Return every record below exactly as given, images excluded.

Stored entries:
☆ ☆ ☆ ☆

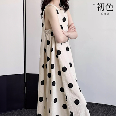 初色 韓系復古波點印花無袖挖肩簡約休閒連衣裙連身洋裝長洋裝-白底圓點-11828(M-2XL可選)$5388折
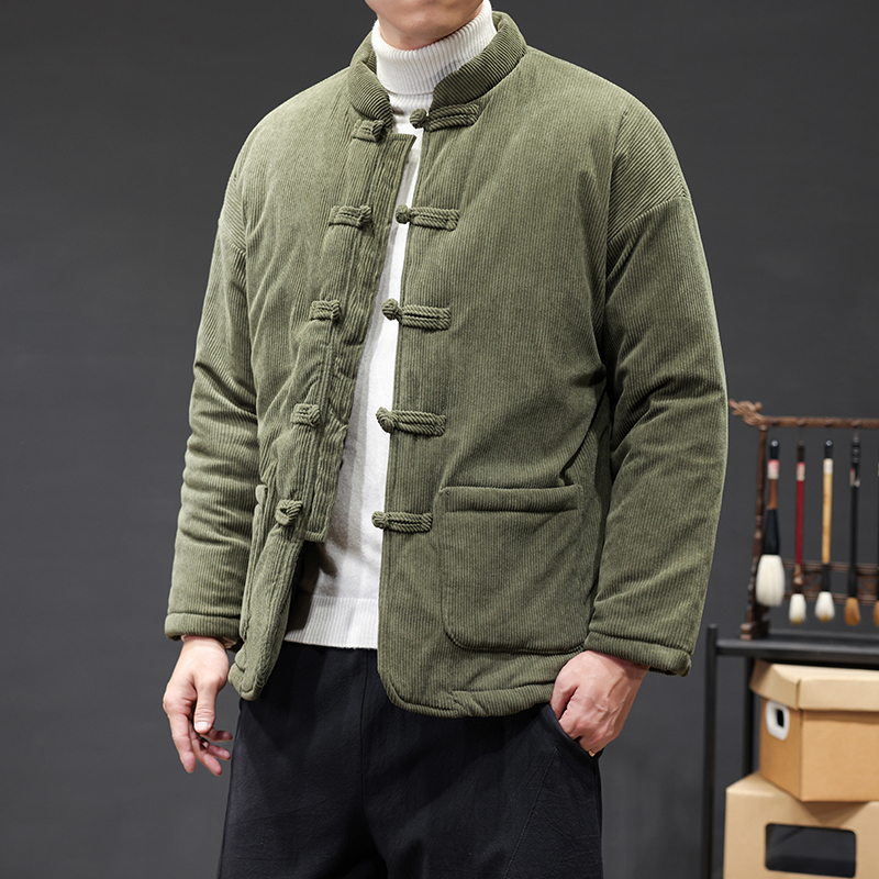 冬季新款唐装棉服男士休闲立领复古加棉外套简约休闲痞帅修身夹克
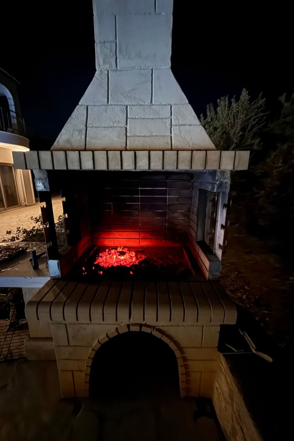 Extensive grounds surround the villa, enveloped by the serene beauty of around 50 private olive trees, pines, and fruit trees.
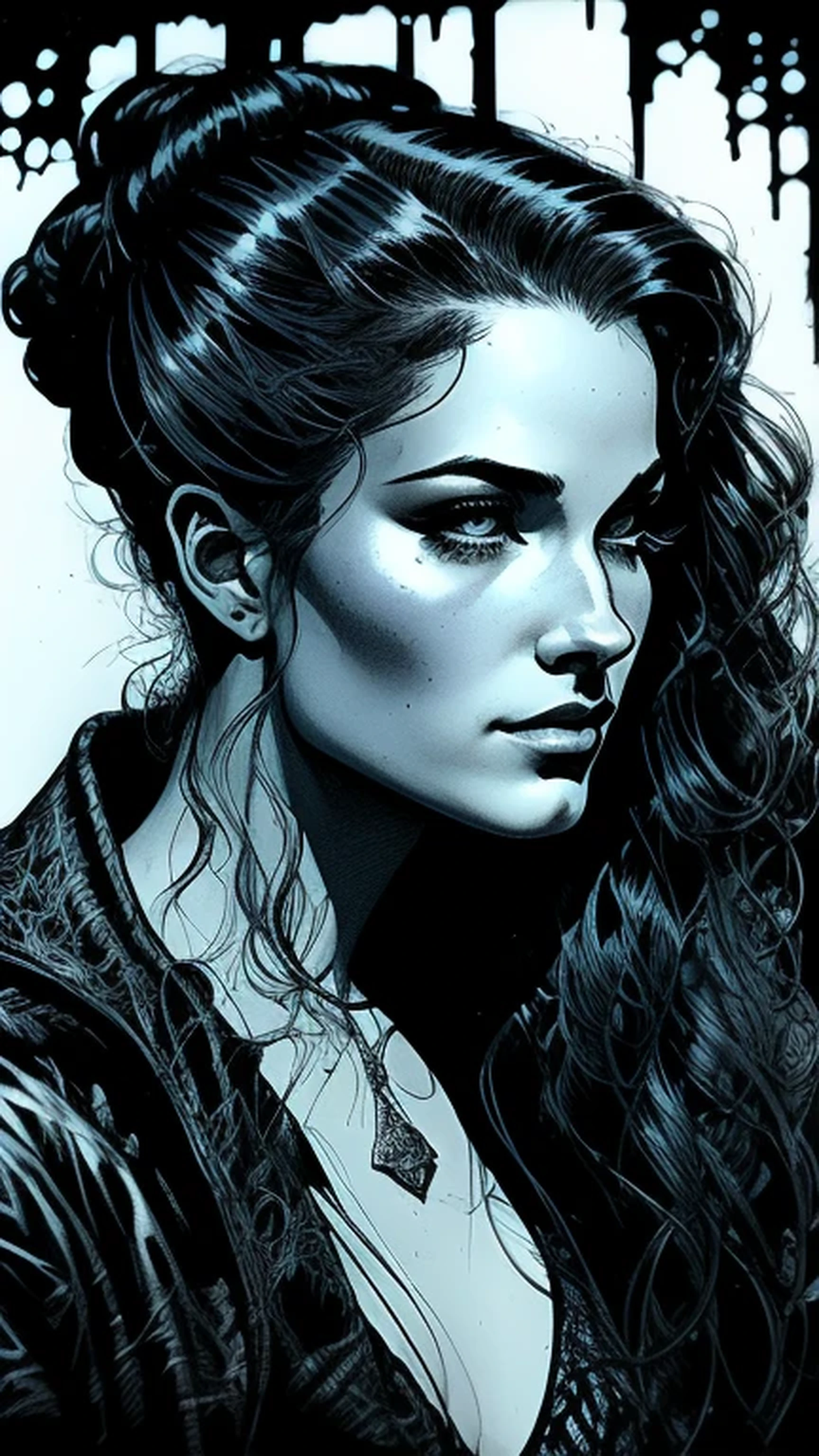 Morfydd Clark looking away close-up portrait, Figurative, Ink, Realism, Rough, Midnight black, Underlit, Film noir, Sean Gordon Murphy
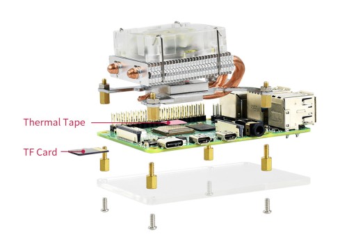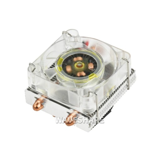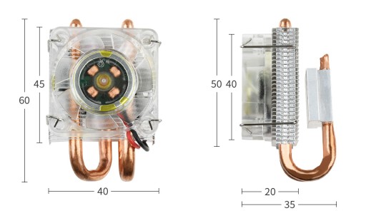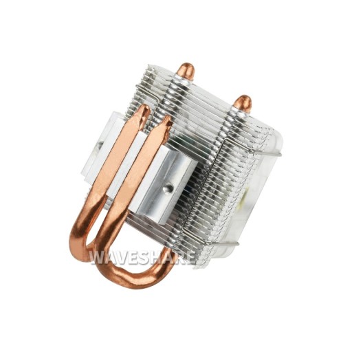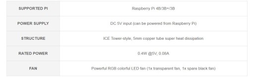 Ten bardzo wydajny radiator powstał w celu rozwiązania problemów odprowadzania ciepła z Raspberry Pi. Konstrukcja wieży chłodzącej zawiera 5mm rurki miedziane, wielowarstwowy radiator aluminiowy oraz siedmiołopatkowy wentylator. Konstrukcja ta pozwala obniżyć temperaturę procesora z 80℃ do 40℃. Dzięki temu chłodzeniu malina może osiągnąć maksymalne swoje parametry. Dzięki wielokolorowemu podświetleniu nasza malina będzie wyglądać znacznie lepiej.
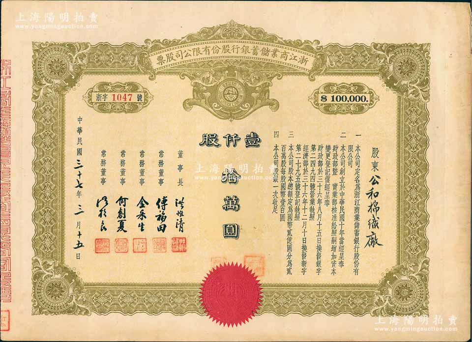 民国三十七年(1948年)浙江商业储蓄银行股份有限公司股票,壹仟股计拾万圆;此为最大面额券,存世极为罕见,八五成新
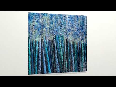 At the heart of Blue Moon lies a delicate tension between abstraction and representation. While the vertical forms clearly suggest a wooded landscape, the expressive interplay of light and shadow transforms the scene into an emotional landscape—one of solitude, introspection, and nocturnal mystery. The upper portion of the composition shimmers with a cosmic luminescence, where moonlight filters through the dense canopy, casting a spectral glow that enhances the work’s dreamlike presence.
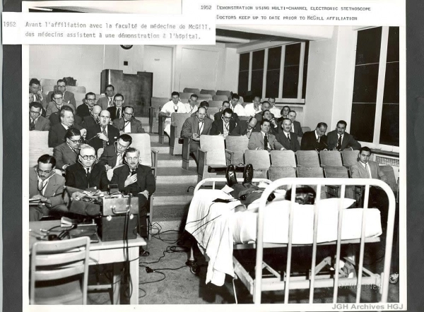 Des mu00e9decins restent u00e0 jour, avant lu2019affiliation u00e0 lu2019Universitu00e9 McGill, en assistant u00e0 une du00e9monstration du2019un stu00e9thoscope u00e9lectronique u00e0plusieurs canaux en 1952.
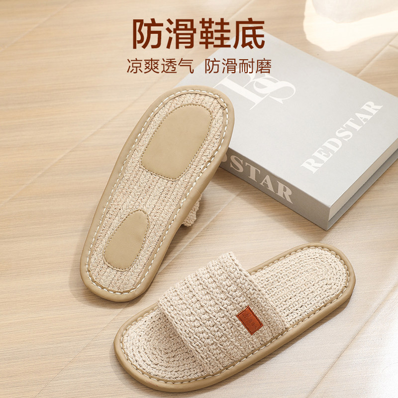 夏季 2025日式 复古亚麻特价 拖鞋 室内居家透气静音防滑 情侣家居新款

☆ ☆ ☆ ☆

ANSWER BOX:
 初色 韓系復古波點印花無袖挖肩簡約休閒連衣裙連身洋裝長洋裝-白底圓點-11828(M-2XL可選)$5388折
 冬季新款唐装棉服男士休闲立领复古加棉外套简约休闲痞帅修身夹克
 Extensive grounds surround the villa, enveloped by the serene beauty of around 50 private olive trees, pines, and fruit trees.
 Morfydd Clark looking away close-up portrait, Figurative, Ink, Realism, Rough, Midnight black, Underlit, Film noir, Sean Gordon Murphy
 Ten bardzo wydajny radiator powstał w celu rozwiązania problemów odprowadzania ciepła z Raspberry Pi. Konstrukcja wieży chłodzącej zawiera 5mm rurki miedziane, wielowarstwowy radiator aluminiowy oraz siedmiołopatkowy wentylator. Konstrukcja ta pozwala obniżyć temperaturę procesora z 80℃ do 40℃. Dzięki temu chłodzeniu malina może osiągnąć maksymalne swoje parametry. Dzięki wielokolorowemu podświetleniu nasza malina będzie wyglądać znacznie lepiej.
 民国三十七年(1948年)浙江商业储蓄银行股份有限公司股票,壹仟股计拾万圆;此为最大面额券,存世极为罕见,八五成新
 At the heart of Blue Moon lies a delicate tension between abstraction and representation. While the vertical forms clearly suggest a wooded landscape, the expressive interplay of light and shadow transforms the scene into an emotional landscape—one of solitude, introspection, and nocturnal mystery. The upper portion of the composition shimmers with a cosmic luminescence, where moonlight filters through the dense canopy, casting a spectral glow that enhances the work’s dreamlike presence.
 Des mu00e9decins restent u00e0 jour, avant lu2019affiliation u00e0 lu2019Universitu00e9 McGill, en assistant u00e0 une du00e9monstration du2019un stu00e9thoscope u00e9lectronique u00e0plusieurs canaux en 1952.
 夏季 2025日式 复古亚麻特价 拖鞋 室内居家透气静音防滑 情侣家居新款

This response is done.